The King's Apartments are part of the emblematic route of the Palace of Versailles. Composed of the Great King's Apartment, the Great Gallery and the King's Apartment, they are unavoidable during a visit of the National Estate of Versailles.
The State Apartments are divided into three main parts. Each of the parts and pieces that compose them had a very specific role to play in the royal representation.
Under Louis XIV, the daily life of kings becomes a perpetual representation. There was no longer room for the unexpected, every minute and gesture of the king were governed by the Etiquette. The Château de Versailles becomes the theater of this staging. For that, it was created for the king of the apartments of state in enfilade that one calls Great flat of the king. It consists of seven rooms, each bearing the name of a Roman deity. Sumptuously decorated, the iconography of these salons represents the chosen deity. During the day, these salons were accessible by everyone. They were also used during the "apartment evenings" offered to courtiers. They usually took place three times a week.

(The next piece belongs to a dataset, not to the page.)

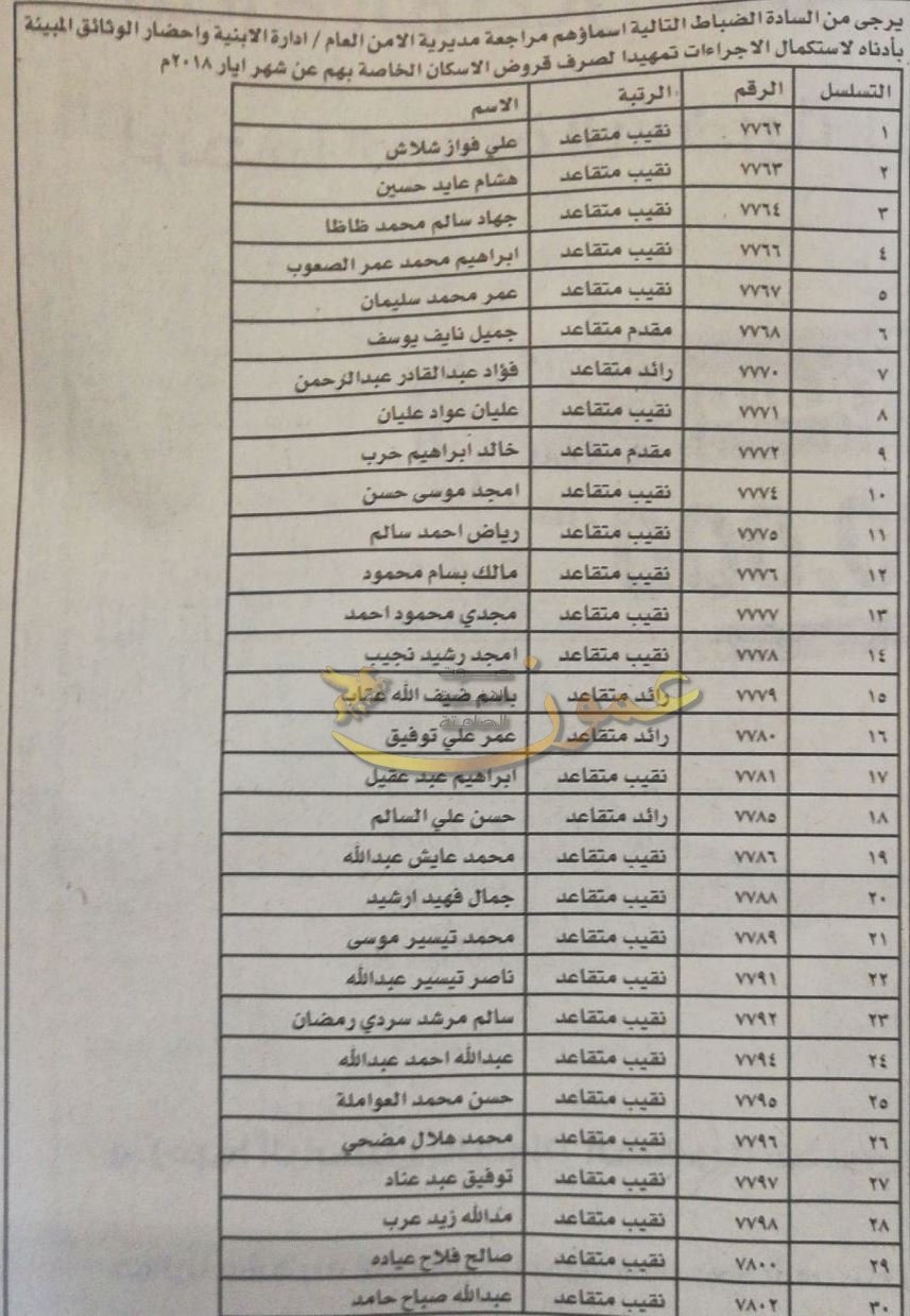 المستفيدون من اسكان ضباط الامن العام (اسماء)03-05-2018 11:42 AM

This Grand Apartment experienced its completion during the construction of the Great Gallery consisting of the War Room, the Hall of Mirrors and the Peace Salon.
The Hall of Mirrors gives access to the last set of rooms that make up the State Apartments, this is the King's Apartment. Once past the anteroom of the Bull's Eye, you can access a new series of rooms whose usefulness follows again, a well-defined scheme: a guard room, two antechambers, the room and a firm. Access to these parts was therefore hierarchical and regulated by the label.